BAM
Abstract Machine for Bottom-Up Evaluation with the Push Method
|
This is a prototype of a deductive database system, i.e. an implementation of the programming and query language Datalog. Datalog is a simplified and logically more pure version of the programming language Prolog.
So far, most database applications use (at least) two languages: SQL for database queries and updates, and a standard programming language like Java, C++ or PHP for the programming part. In SQL, the declararive programming paradigm has been applied very successfully: One only writes logical conditions for the data one needs, and the DBMS automatically finds an efficient algorithm to compute these data. I.e. one specifies WHAT is searched, but not HOW it is computed. There are two main advantages of this: (1) Increased productivity: A declarative specification is much shorter than an equivalent standard program. (2) Better adaption to new hardware: Because the algorithm is not prescribed as in a standard program, new hardware developments can be used by updating the DBMS, with the queries in the applications unchanged. The goal of deductive databases is to extend the part of the application which can be specified declaratively in this way. Ideally, the entire application is written in a single Datalog-like language.
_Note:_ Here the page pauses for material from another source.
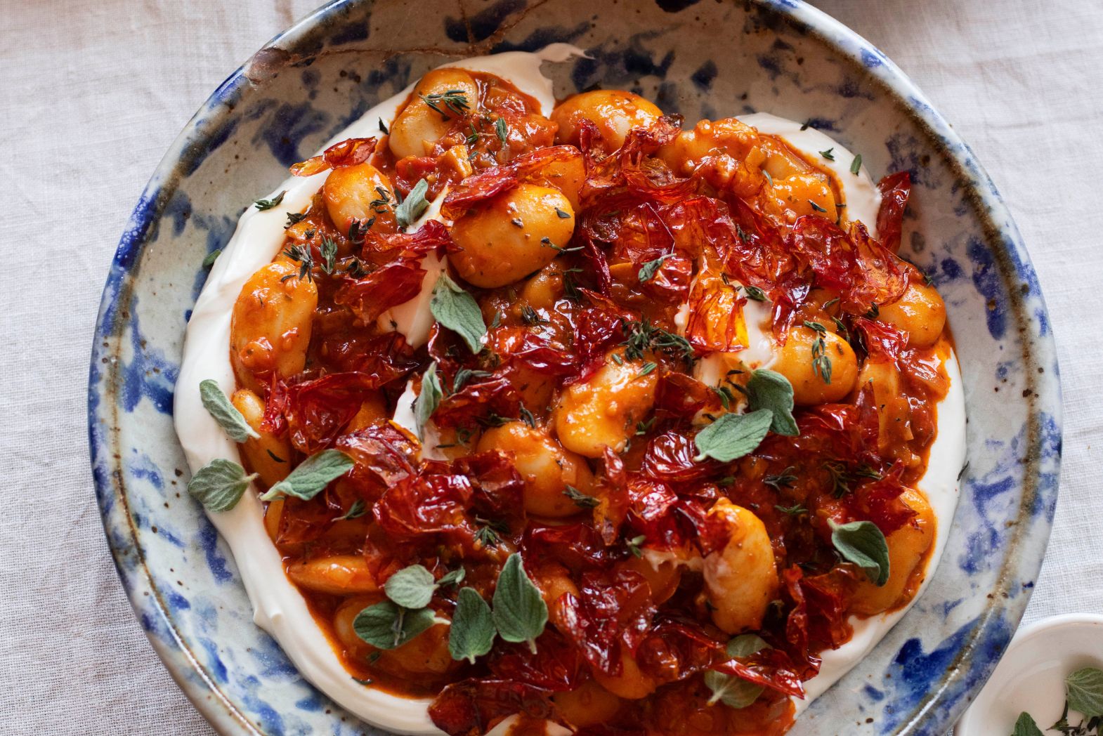 - Put the remaining 75ml of oil into a medium saucepan and place on a medium heat. Add the onion, garlic, oregano, thyme, fennel seeds and bay leaf and cook for 10–12 minutes, until the onion has softened but has not taken on too much colour. Add the wine, simmer for 2 minutes to reduce, then add the paprika. Cook for another minute, then add the reserved tomato flesh, along with 1 teaspoon of salt. Simmer gently for about 15 minutes, stirring often so that the tomatoes break down. Add the beans and a good grind of pepper and stir to combine. Cook for a couple of minutes, just to warm through, then remove from the heat. Spread the yoghurt over a serving plate and then pile the beans on top. Crumble over the dried tomato skins, finish with a sprinkling of thyme leaves and serve.
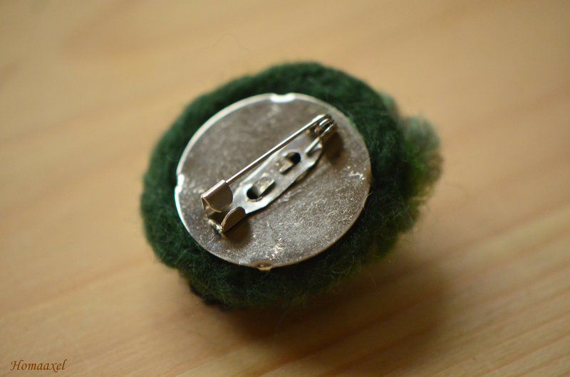 Крепеж для броши двойной. Сначала были пришиты все шерстяные детали и бисер, потом две части крепежа были сложены и таким образом совершенно не видна изнанка работы.

In the ydb project, our approach is to translate Datalog to C++, which is then compiled. In this way, we hope to reach a high efficiency. Furthermore, the integration with library code written in C++ is simplified. We also try to generate readable code, so that in the end a comparison with hand-crafted code should be possible. Our system uses the "Push" method developed by Stefan Brass and Heike Stephan. This uses a derived tuple immediately for deriving further tuples (as far as possible). In contrast, the standard textbook implementation of Datalog first derives all tuples which are derivable by a rule, and stores them in a temporary relation, before execution moves to the next rule. One advantage of the "Push" method is that it avoids copying of data values as far as possible. A derived tuple is represented by values in C++ variables and a position in the code. If from this tuple, another tuple can be derived, which contains some of these values (in possibly other argument positions), no copying is usually done. Furthermore, constants contained in the program rules often do not have to be represented explicitly, because we specialize rules in the Datalog-to-C++ compilation (this feature can be selectively switched off in case the generated program becomes too big). Of course, in order to detect duplicates and avoid possible non-termination because of the repeated generation of duplicates, sometimes generated tuples must be stored. Because the only purpose of this is the detection of duplicates, a hash table or other data structure for efficient element test can be used. We also plan to use nested data structures (NF^2 tables) in case one variable changes more often than another one: The "Push" method can be seen as working with "virtual NF^2 tables", and for the duplicate test, these virtual tables must be materialized. Another case where intermediate relations must be stored are rules containing more than one body literal with a derived predicate. In this case, a tuple generated for one such body literal must be stored until all possible join partners for the other such body literals have been generated. However, a Datalog-to-Datalog translation like SLDMagic which is applied before the Datalog-to-C++ transformation, mainly produces rules of this simple type (only one body literal with a derived predicate).